BEGIN DATASET EXTRACT

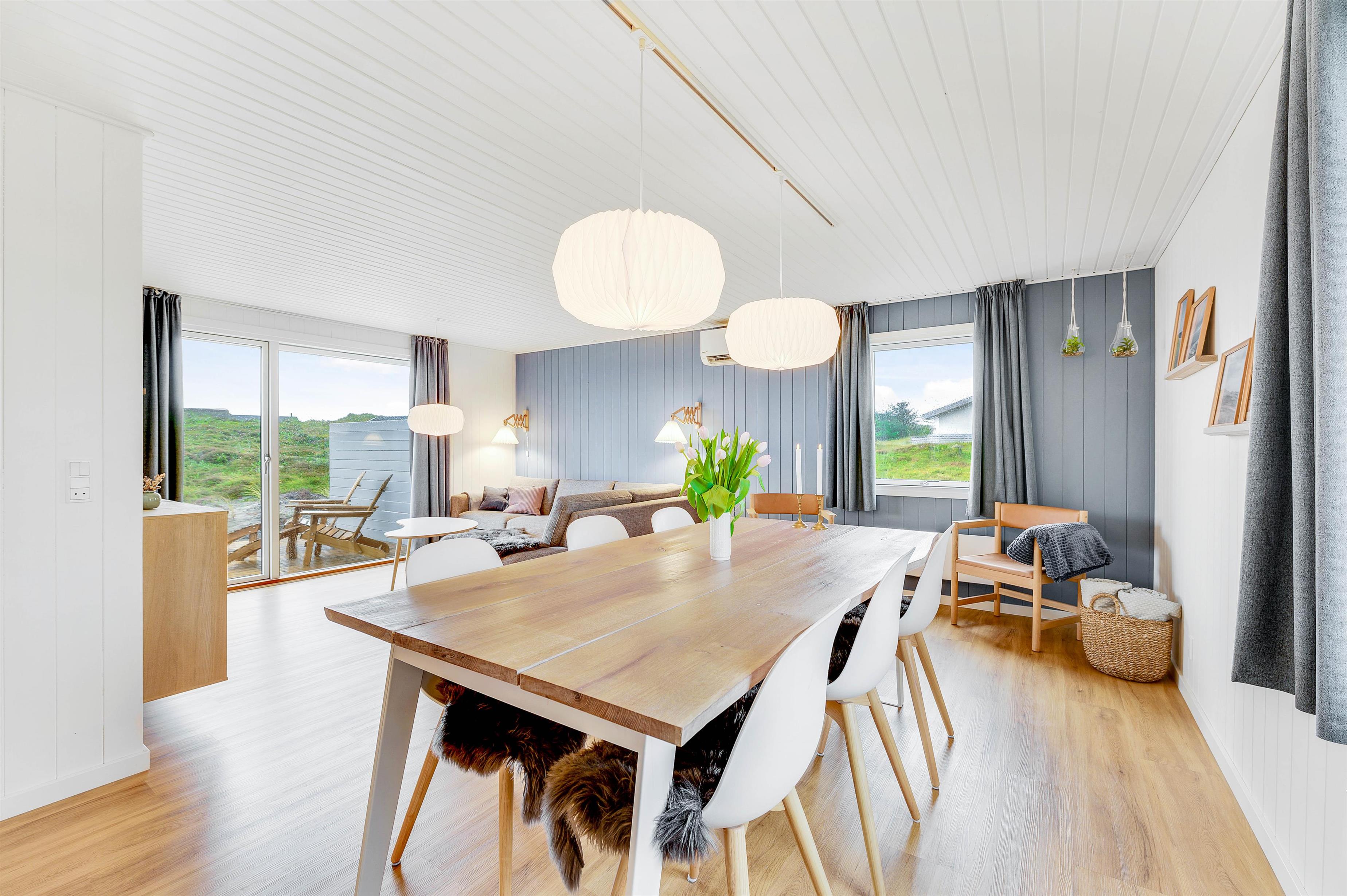Sommerhuset ligger kun 650 meter fra den smukke, hvide sandstrand på den danske vestkyst. I området omkring Ringkøbing Fjord venter jer et væld af stisystemer, som fører jer rundt i det naturskønne område præget af hede- og klitlandskaber.
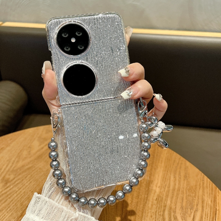 Estuche para Huawei P50 Pocket PC con Hebilla Lateral, Cobertura Total, Papel Brillante y Pulsera (Plata)
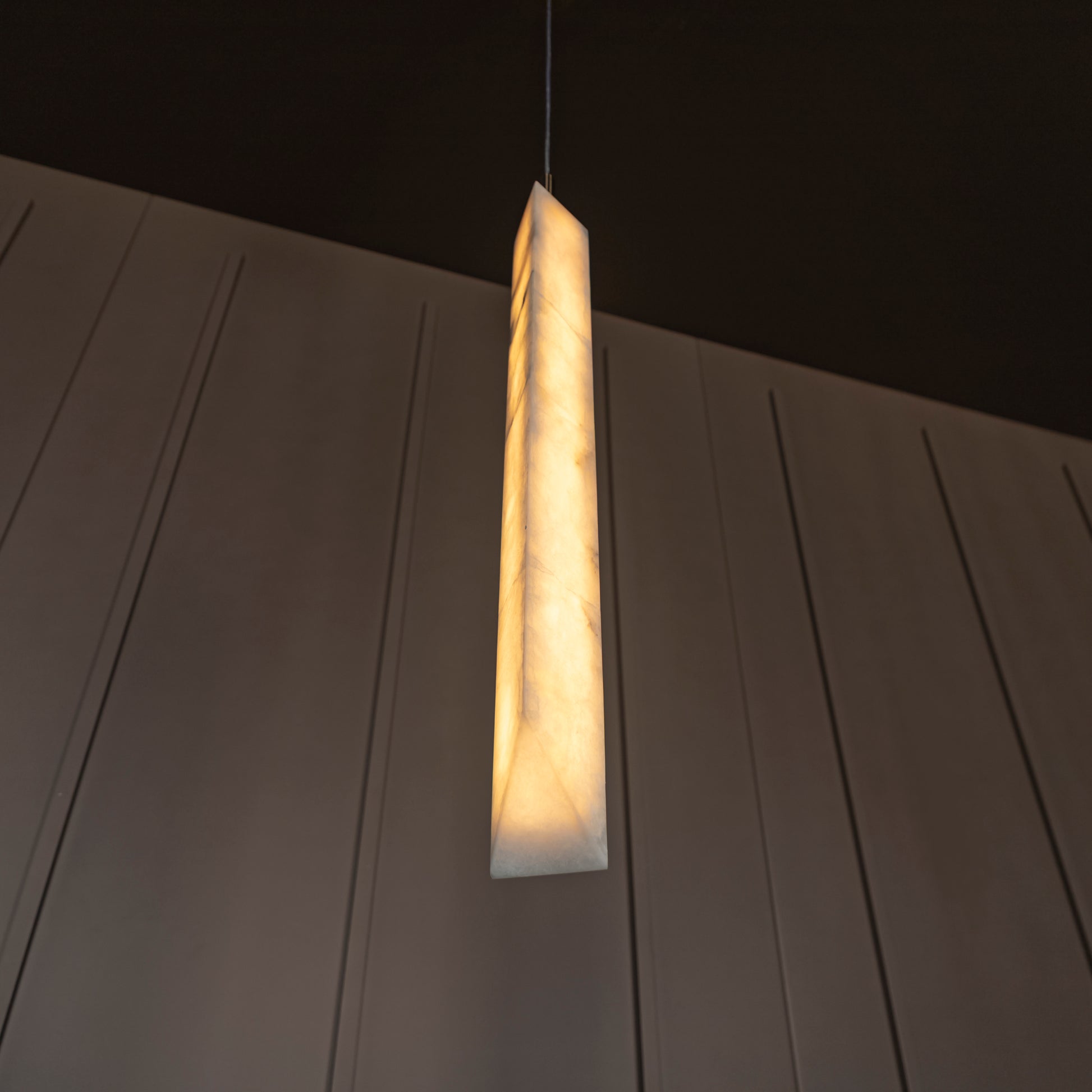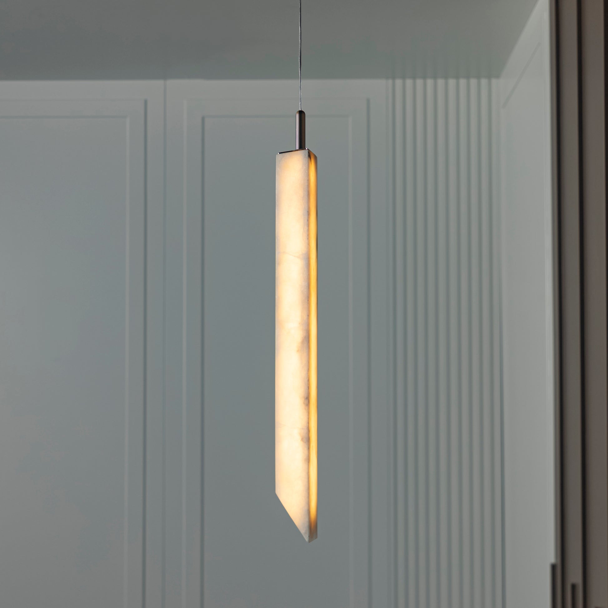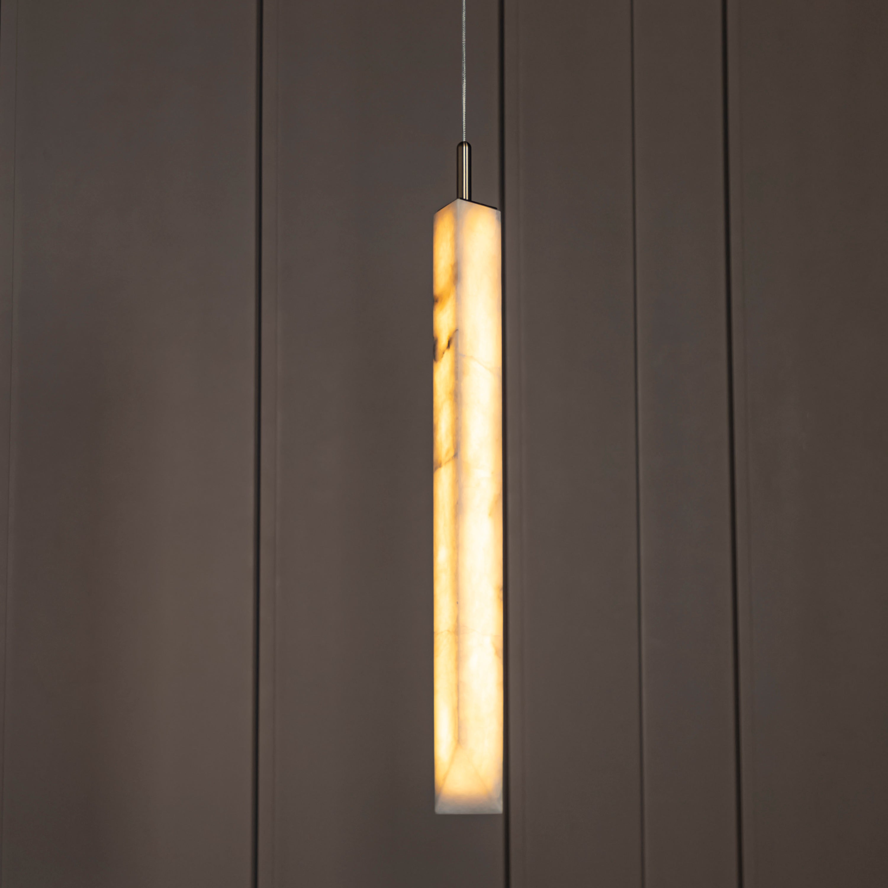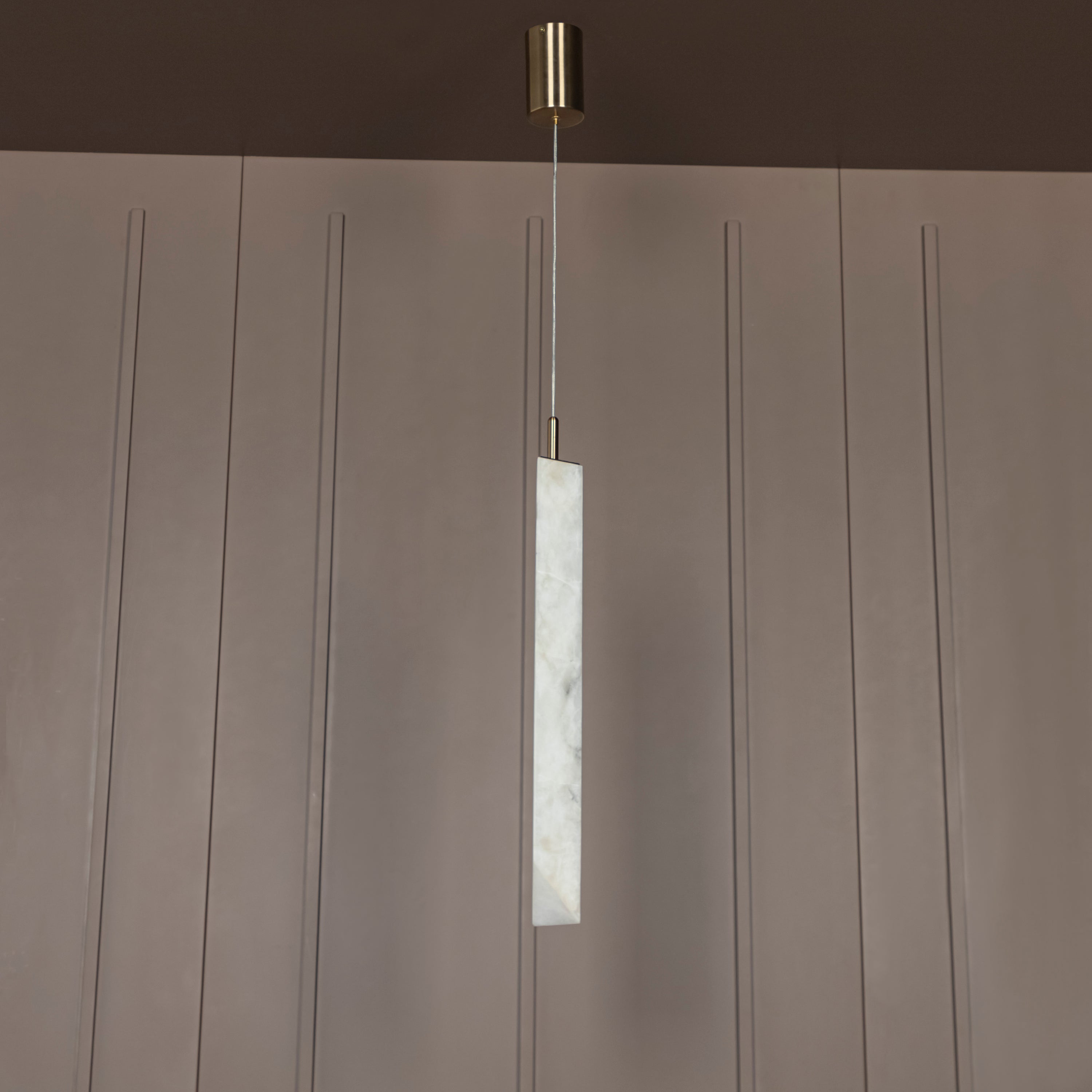 Aron Mermer Sarkıt, doğal beyaz mermer gövdesiyle mekânlara lüks ve minimalist bir dokunuş kazandırırken, eskitme metal detaylarla zarif ve çağdaş tasarımı bir araya getirir. Uzun silindirik mermer formuyla özgün ve modern çizgilere sahip olan Aron, yemek masası ve mutfak adası gibi alanlarda göz alıcı bir aydınlatma öğesi olur.
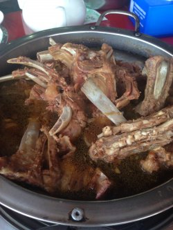 一家羊蝎子店,就在金隅丽港城南门,周末来望京逛街,路过这边来吃的午饭,环境还不错,店面挺干净的,而且店里充满着热腾腾的羊蝎子味道,使人特别有食欲。我们点了大锅蝎子,服务员说有4斤,羊蝎子这个东西,骨头多,尽管4斤,肉量也一般。蝎子都是炖好的,加热就能吃了。上面的几块都是肉多的,给儿子吃了一块多,肉很多,他啃完,基本就半饱了。下面基本就是骨头多的了。吃完后我们还涮了点面条跟蔬菜,放点醋,还挺香的。3人消费150元不到。查看更多

END DATASET EXTRACT

◆ PROBLEM TO SOLVE
Restate word for word each line from the one containing "Estuche para Huawei" through the end of the material, pictures excluded.

◆ RESULT OF THIS EXERCISE
 Estuche para Huawei P50 Pocket PC con Hebilla Lateral, Cobertura Total, Papel Brillante y Pulsera (Plata)
 Aron Mermer Sarkıt, doğal beyaz mermer gövdesiyle mekânlara lüks ve minimalist bir dokunuş kazandırırken, eskitme metal detaylarla zarif ve çağdaş tasarımı bir araya getirir. Uzun silindirik mermer formuyla özgün ve modern çizgilere sahip olan Aron, yemek masası ve mutfak adası gibi alanlarda göz alıcı bir aydınlatma öğesi olur.
 一家羊蝎子店,就在金隅丽港城南门,周末来望京逛街,路过这边来吃的午饭,环境还不错,店面挺干净的,而且店里充满着热腾腾的羊蝎子味道,使人特别有食欲。我们点了大锅蝎子,服务员说有4斤,羊蝎子这个东西,骨头多,尽管4斤,肉量也一般。蝎子都是炖好的,加热就能吃了。上面的几块都是肉多的,给儿子吃了一块多,肉很多,他啃完,基本就半饱了。下面基本就是骨头多的了。吃完后我们还涮了点面条跟蔬菜,放点醋,还挺香的。3人消费150元不到。查看更多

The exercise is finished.